Reed glanced at his cousin and noted the self-satisfied grin on his face. “Don’t compare Ella with her aunt.”
“Some high-class dames like to get their hands dirty—real dirty.” Briley Joe hooked his lean fingers over Reed’s shoulder. “Even if you don’t think she’s anything like her aunt, who knows? Judge Porter might get real turned on just thinking about jumping in the sack with an ex-con.”
Ever the dutiful daughter, Ella called and left a message with Bessie to let her mother know she’d be home a little later than usual. She’d been driving around for the past half hour asking herself what the hell had happened between her and Reed Conway. She had stopped by the garage to confront him about the letter she’d received and came away badly shaken and halfway convinced that the man hadn’t sent her the letter.
You’re an idiot
, she scolded herself as she turned left on Tallulah Street. She needed someone to talk to about what had happened and about her confused emotions. She certainly couldn’t run home and confess to her mother that she’d gotten all hot and bothered over Reed Conway. Carolyn was apt to have heart failure just at the thought that Ella might have spoken to the man. And if she even mentioned Reed’s name to her father, he was liable to take gun in hand and go after him. No, this situation called for the sympathetic ear of a friend.
She parked her Jag in the driveway beside the restored Victorian house at 508 Tallulah Street. Ella’s best friend since childhood, Heather Marshall, had recently returned to Spring Creek after an absence of five years, and the two had picked up right where they’d left off. Of course, during that five years when Heather had lived in Mobile, they’d phoned each other on a regular basis and had visited twice a year. Ella had been Heather’s maid of honor when she married Lance Singleton. She’d sat by Heather’s hospital bed when she suffered a miscarriage. And she’d offered support during Heather’s ugly divorce ten months ago.
Ella stood on the flower-lined brick walkway in front of the house that had belonged to Heather’s grandmother and had gradually fallen into disrepair after the old lady’s death ten years ago. Heather had spent a small fortune restoring the place, and now the facade boasted its original Victorian colors: pink, cream, and green.

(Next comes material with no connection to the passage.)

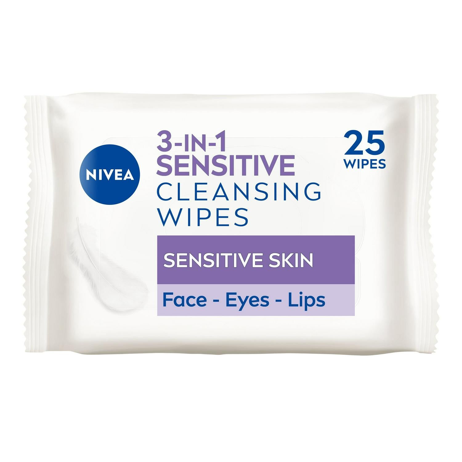 The 3 in 1 Sensitive Cleansing Wipes are especially developed to effectively cleanse while being gentle to your skin. They remove waterproof makeup & mascara and all traces of impurities. Thanks to the SkinGentle Complex with Pro-Vitamin B5 & Hydramine, the 100% plant-based wipes are even suitable for sensitive skin. For a simple, effective and gentle experience that leaves your skin healthy & beautiful looking even when time is of the essence: NIVEA 3-in-1 Sensitive Cleansing Wipes 25s.

Working on the house had, according to Heather, saved her sanity after her divorce. Luckily, Heather had inherited enough money that she didn’t have to work unless she wanted to, and Heather definitely preferred a life of leisure.

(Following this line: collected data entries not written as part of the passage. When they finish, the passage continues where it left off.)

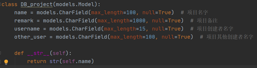 name = models.CharField(max_length=100, null=True) # 项目名字
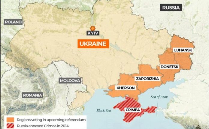 Acestea sunt primele două regiuni ucrainene care au votat în favoarea anexării de către Rusia de la începutul ofensivei ruse în Ucraina, pe 24 februarie.
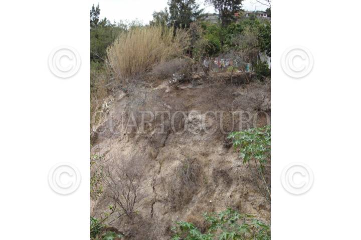 CHILPANCINGO, GUERRERO.- Aspecto de la grieta que apareciera hace mas de veinte dias sobre la barranca del "Coro" en la colonia Bella Vista donde se encuentran edificadas mas de 10 viviendas que corren el riesgo de hundirse y derrumbarse ante los contastante deslaves en dicha zona y la cual se hiciera mas grande debido a los sismos registrados la madrugada de este viernes en la entidad. FOTO OSCAR ALVARADO/CUARTOSCURO.COM
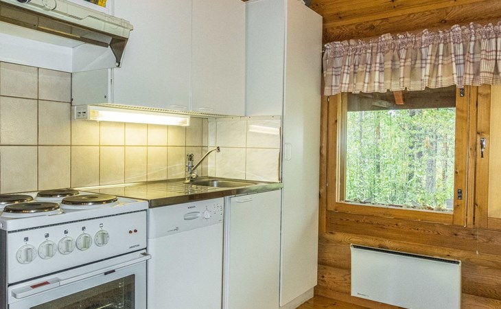 A Cozy cabin in Ylläsjärvi village, Ahvenkangas area(Karpalotie 2). The apartment is located in a quiet cabin area, berry-picking grounds nearby. Pets are allowed for extra price. Final cleaning is included in the price, bed linen can be leased.
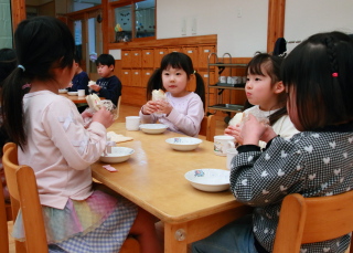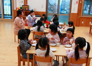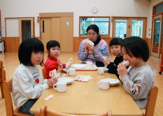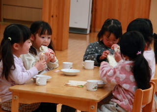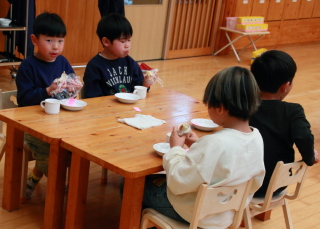 おやつにみんなでホールで食べました。

Thinking about how different she and Heather were, how different they had always been, Ella rang the doorbell. Even as children, they’d been exact opposites in appearance and temperament. Ella waited. No one came to the door. She rang the bell again. No response. Heather was home. Her black Corvette was parked in the driveway. Ella tried the bell one final time, then gave up and walked off the porch. She’d try the back door. When she made her way around the side of the house and opened the gate that led into the enclosed backyard, she heard water splashing. Of course. Why hadn’t she realized that Heather would be in the pool?